* PROBLEM DESCRIPTION:
Transcribe the entries exactly. Start at the top, stop after the line with "Черная шифоновая рубашка, чуточку", and omit every picture.

* Records contained in a dataset:
-*-

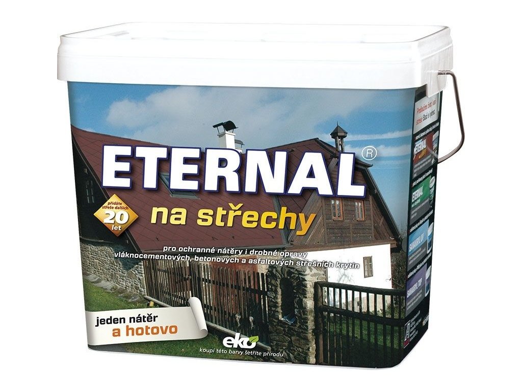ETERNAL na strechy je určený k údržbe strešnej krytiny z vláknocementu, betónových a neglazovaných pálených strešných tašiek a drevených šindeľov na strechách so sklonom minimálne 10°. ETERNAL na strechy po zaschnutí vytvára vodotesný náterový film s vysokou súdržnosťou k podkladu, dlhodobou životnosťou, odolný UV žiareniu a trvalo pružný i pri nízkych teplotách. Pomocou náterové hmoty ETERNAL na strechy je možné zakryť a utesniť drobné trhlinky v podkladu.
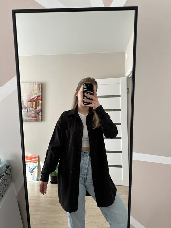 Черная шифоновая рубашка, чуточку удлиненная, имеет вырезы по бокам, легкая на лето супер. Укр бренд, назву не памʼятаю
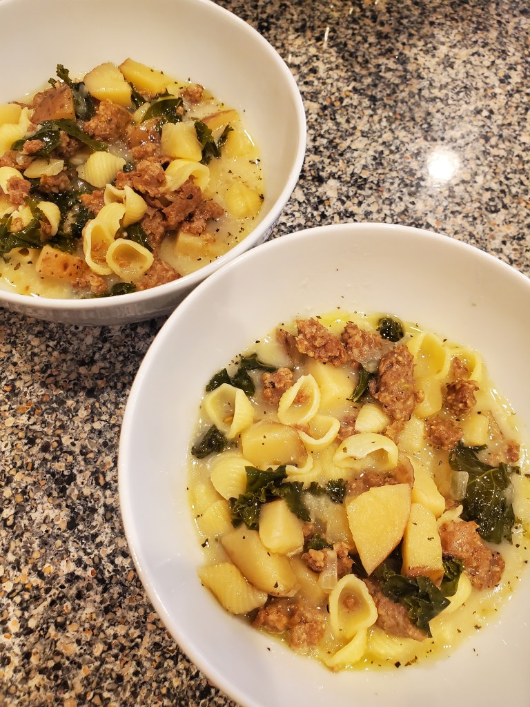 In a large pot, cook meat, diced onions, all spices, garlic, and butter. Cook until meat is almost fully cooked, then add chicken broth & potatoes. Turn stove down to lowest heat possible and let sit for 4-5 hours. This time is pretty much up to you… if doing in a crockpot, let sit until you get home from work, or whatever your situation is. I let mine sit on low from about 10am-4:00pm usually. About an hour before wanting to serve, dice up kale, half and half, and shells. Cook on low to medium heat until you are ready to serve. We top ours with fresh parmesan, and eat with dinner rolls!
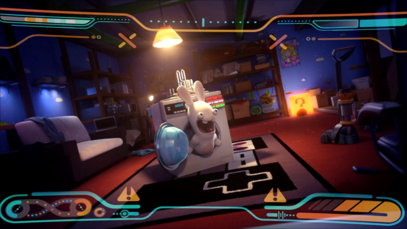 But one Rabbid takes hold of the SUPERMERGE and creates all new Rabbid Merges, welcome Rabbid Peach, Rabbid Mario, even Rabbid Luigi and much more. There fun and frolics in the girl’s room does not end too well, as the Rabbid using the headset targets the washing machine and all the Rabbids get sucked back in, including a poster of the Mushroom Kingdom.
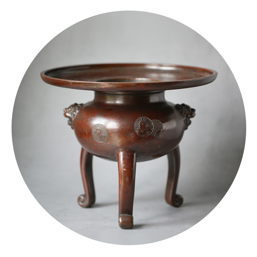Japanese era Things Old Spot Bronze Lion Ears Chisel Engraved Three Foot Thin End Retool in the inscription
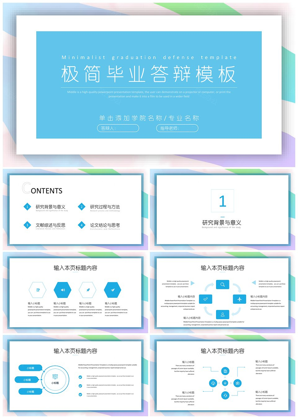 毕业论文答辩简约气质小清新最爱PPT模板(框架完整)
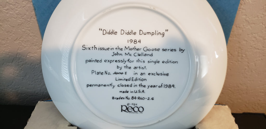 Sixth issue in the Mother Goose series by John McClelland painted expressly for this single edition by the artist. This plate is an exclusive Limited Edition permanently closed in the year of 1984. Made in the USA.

-*-

* ANSWER SPACE:
ETERNAL na strechy je určený k údržbe strešnej krytiny z vláknocementu, betónových a neglazovaných pálených strešných tašiek a drevených šindeľov na strechách so sklonom minimálne 10°. ETERNAL na strechy po zaschnutí vytvára vodotesný náterový film s vysokou súdržnosťou k podkladu, dlhodobou životnosťou, odolný UV žiareniu a trvalo pružný i pri nízkych teplotách. Pomocou náterové hmoty ETERNAL na strechy je možné zakryť a utesniť drobné trhlinky v podkladu.
 Черная шифоновая рубашка, чуточку удлиненная, имеет вырезы по бокам, легкая на лето супер. Укр бренд, назву не памʼятаю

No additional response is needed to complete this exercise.